# Collected material:
━━━
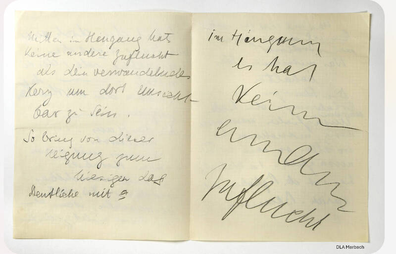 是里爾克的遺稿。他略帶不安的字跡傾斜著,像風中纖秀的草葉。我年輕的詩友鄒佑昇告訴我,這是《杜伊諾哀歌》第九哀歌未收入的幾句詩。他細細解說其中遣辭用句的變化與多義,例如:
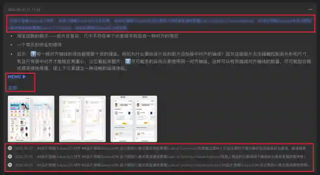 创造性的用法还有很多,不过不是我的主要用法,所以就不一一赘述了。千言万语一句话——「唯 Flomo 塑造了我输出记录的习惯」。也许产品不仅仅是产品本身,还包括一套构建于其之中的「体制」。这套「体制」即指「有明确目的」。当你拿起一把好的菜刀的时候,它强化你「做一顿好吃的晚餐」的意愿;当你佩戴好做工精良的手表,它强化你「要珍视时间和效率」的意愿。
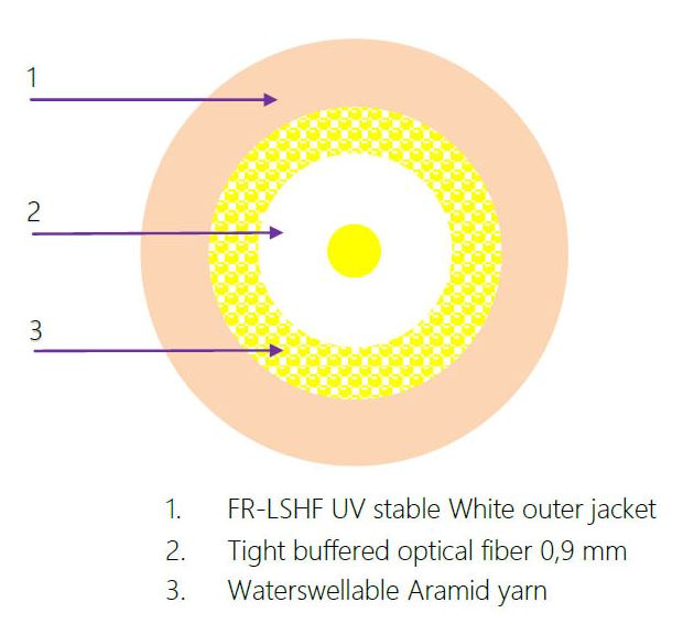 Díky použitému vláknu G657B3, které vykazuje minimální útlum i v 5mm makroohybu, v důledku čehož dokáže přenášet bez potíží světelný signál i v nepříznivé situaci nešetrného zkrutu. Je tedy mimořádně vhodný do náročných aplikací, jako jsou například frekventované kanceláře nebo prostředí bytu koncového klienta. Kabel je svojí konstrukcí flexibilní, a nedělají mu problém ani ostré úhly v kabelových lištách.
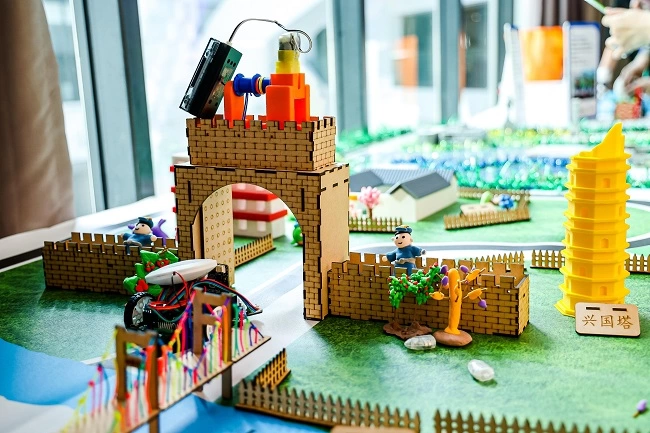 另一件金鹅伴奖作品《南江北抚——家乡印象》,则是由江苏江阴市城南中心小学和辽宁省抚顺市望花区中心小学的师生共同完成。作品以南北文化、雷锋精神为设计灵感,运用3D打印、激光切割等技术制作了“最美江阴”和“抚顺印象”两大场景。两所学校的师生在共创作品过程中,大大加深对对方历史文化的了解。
━━━
# Required action:
Here the lines from the one with "Díky použitému vláknu" through the last line of the data above need to be repeated exactly, both included, and any picture omitted.

# The completed task:
 Díky použitému vláknu G657B3, které vykazuje minimální útlum i v 5mm makroohybu, v důledku čehož dokáže přenášet bez potíží světelný signál i v nepříznivé situaci nešetrného zkrutu. Je tedy mimořádně vhodný do náročných aplikací, jako jsou například frekventované kanceláře nebo prostředí bytu koncového klienta. Kabel je svojí konstrukcí flexibilní, a nedělají mu problém ani ostré úhly v kabelových lištách.
 另一件金鹅伴奖作品《南江北抚——家乡印象》,则是由江苏江阴市城南中心小学和辽宁省抚顺市望花区中心小学的师生共同完成。作品以南北文化、雷锋精神为设计灵感,运用3D打印、激光切割等技术制作了“最美江阴”和“抚顺印象”两大场景。两所学校的师生在共创作品过程中,大大加深对对方历史文化的了解。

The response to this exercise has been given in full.